GPU-accelerated instances of Function Compute can be used only in Custom Container runtimes. For more information about Custom Container runtimes, see Introduction to Custom Container.

Custom Container functions require a web server carried within an image to execute different code paths and trigger functions through events or HTTP requests. The web server mode is suitable for multi-path request execution scenarios such as AI learning and inference.

Deployment methods

You can deploy your models in Function Compute by using one of the following methods:

Use the Function Compute console. For more information, see Create a function in the Function Compute console.
Call SDKs. For more information, see List of operations by function.
Use Serverless Devs.
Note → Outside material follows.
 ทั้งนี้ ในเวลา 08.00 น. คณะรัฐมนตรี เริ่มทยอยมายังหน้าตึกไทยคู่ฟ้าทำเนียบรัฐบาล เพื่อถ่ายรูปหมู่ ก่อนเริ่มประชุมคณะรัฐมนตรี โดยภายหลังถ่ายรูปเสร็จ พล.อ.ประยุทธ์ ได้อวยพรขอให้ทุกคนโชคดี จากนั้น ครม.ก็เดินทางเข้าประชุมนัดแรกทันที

For more information, see Common commands of Serverless Devs.

For more deployment examples, see start-fc-gpu.

Model warm-up

To address the long processing time of initial requests after a model is launched, Function Compute provides a model warm-up feature. This feature enables a model to enter the working state immediately after it is launched.

We recommend that you configure the initialize lifecycle hook in Function Compute. Function Compute automatically executes the business logic in the hook to warm up your models. For more information, see Lifecycle hooks for function instances.

Add the /initialize invocation path of the POST method to the HTTP server that you build, and place the model warm-up logic under the /initialize path. You can have the model perform simple inferences to achieve the warm-up effect.

The following sample code provides an example in Python:

def prewarm_inference():
    res = model.inference()

@app.route('/initialize', methods=['POST'])
def initialize():
    request_id = request.headers.get("x-fc-request-id", "")
    print("FC Initialize Start RequestId: " + request_id)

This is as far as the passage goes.